## [TASK REQUIREMENTS]
From the material below, copy exactly the lines beginning with the one that contains "Акумуляторна переносна колонка" and ending with the one that contains "At the memorial"; the pictures stay out.

## [RECORDS SUPPLIED]
↓

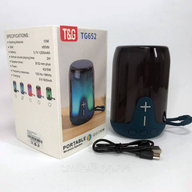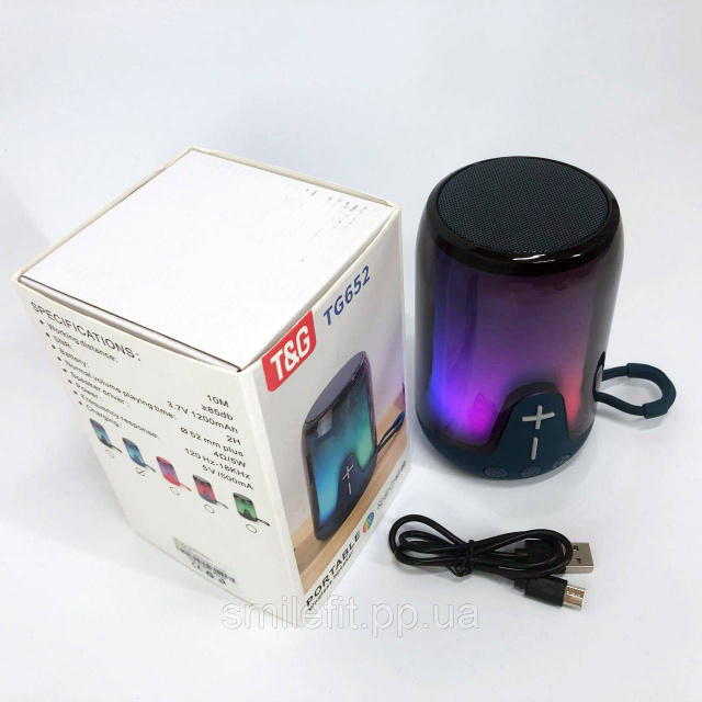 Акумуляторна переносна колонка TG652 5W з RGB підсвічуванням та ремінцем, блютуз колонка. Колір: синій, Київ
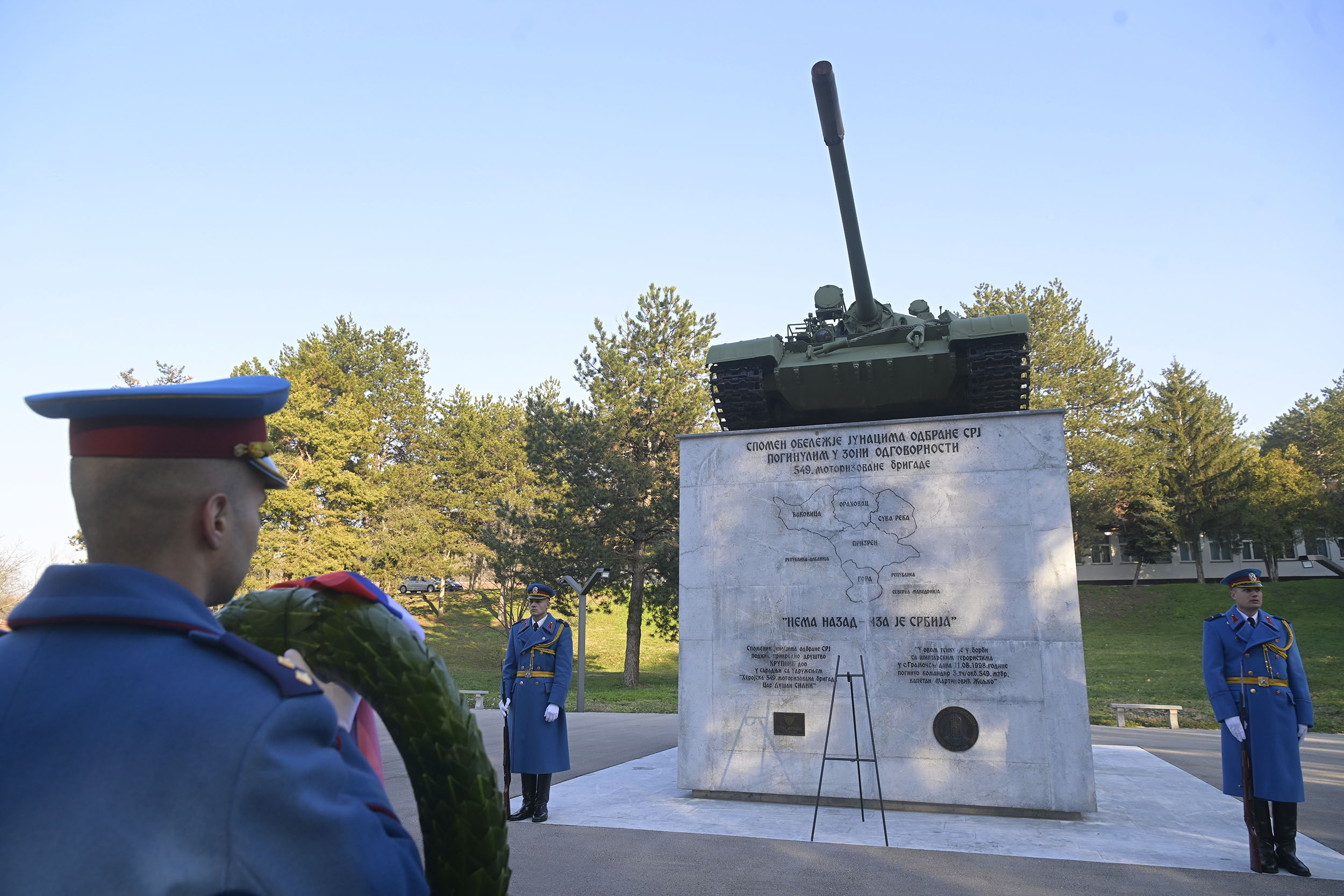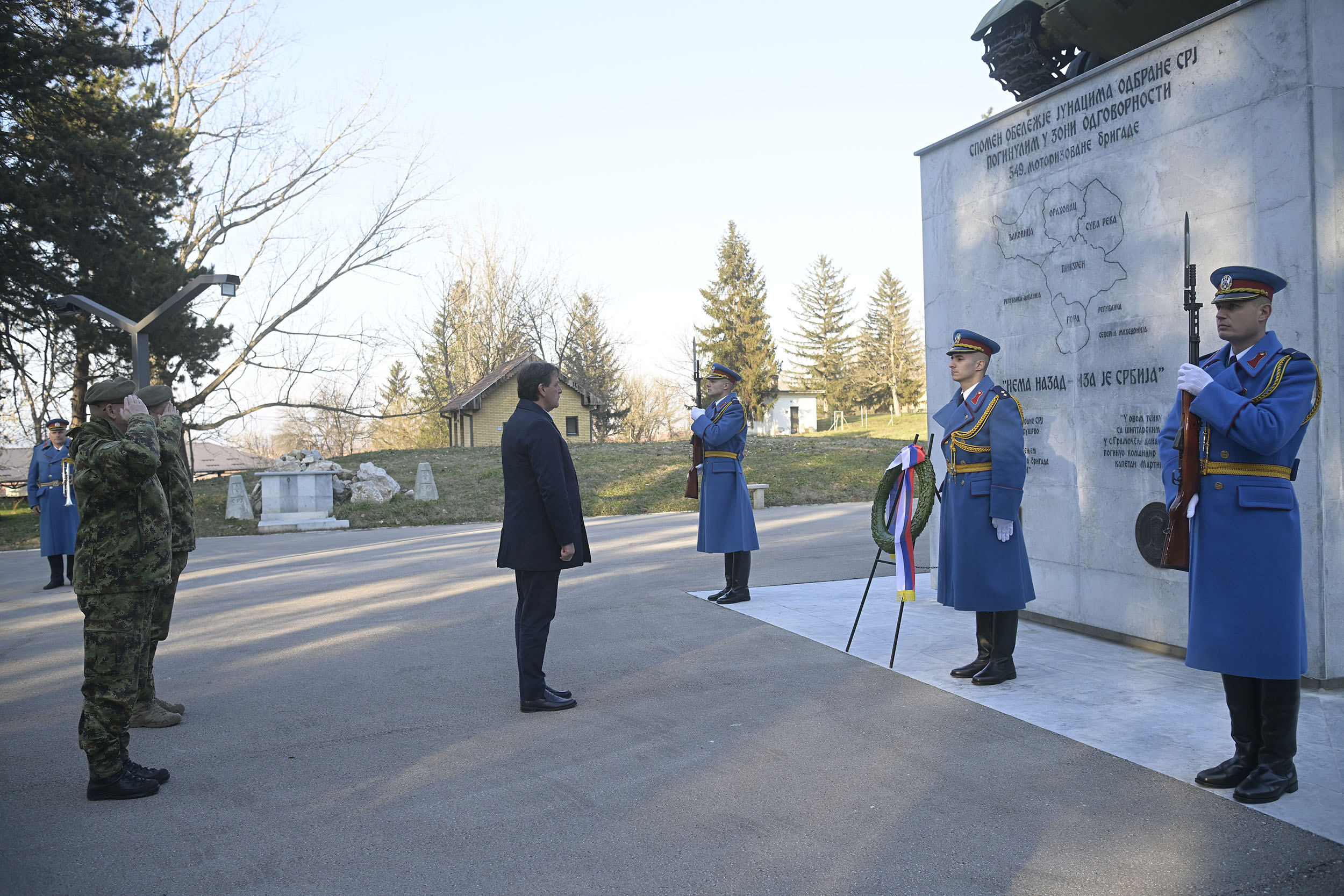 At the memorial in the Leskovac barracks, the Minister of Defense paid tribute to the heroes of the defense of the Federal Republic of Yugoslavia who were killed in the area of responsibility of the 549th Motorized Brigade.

↑
↓

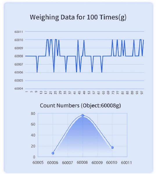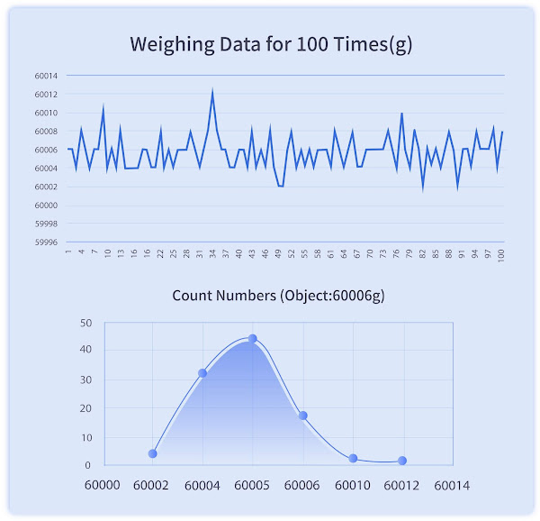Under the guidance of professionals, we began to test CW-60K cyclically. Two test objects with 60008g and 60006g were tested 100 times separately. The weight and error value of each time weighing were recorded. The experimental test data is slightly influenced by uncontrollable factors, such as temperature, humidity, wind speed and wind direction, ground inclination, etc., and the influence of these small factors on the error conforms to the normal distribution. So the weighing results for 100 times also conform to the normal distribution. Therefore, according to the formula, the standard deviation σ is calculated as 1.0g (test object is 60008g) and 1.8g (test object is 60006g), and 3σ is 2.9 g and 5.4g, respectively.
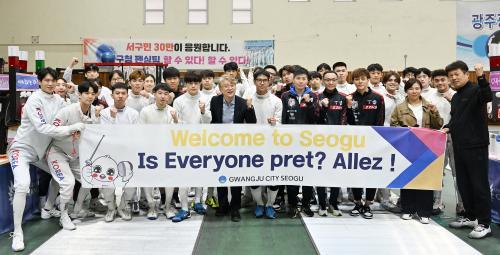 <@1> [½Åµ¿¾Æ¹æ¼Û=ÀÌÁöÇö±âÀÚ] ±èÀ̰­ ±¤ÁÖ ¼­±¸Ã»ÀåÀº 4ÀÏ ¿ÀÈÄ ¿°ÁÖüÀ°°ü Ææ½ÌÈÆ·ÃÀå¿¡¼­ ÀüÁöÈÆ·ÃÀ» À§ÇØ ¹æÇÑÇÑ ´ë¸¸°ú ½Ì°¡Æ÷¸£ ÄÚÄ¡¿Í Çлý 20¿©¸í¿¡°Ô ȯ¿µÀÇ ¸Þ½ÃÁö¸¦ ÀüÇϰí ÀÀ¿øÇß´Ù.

↑

## [ANSWER]
 Акумуляторна переносна колонка TG652 5W з RGB підсвічуванням та ремінцем, блютуз колонка. Колір: синій, Київ
 At the memorial in the Leskovac barracks, the Minister of Defense paid tribute to the heroes of the defense of the Federal Republic of Yugoslavia who were killed in the area of responsibility of the 549th Motorized Brigade.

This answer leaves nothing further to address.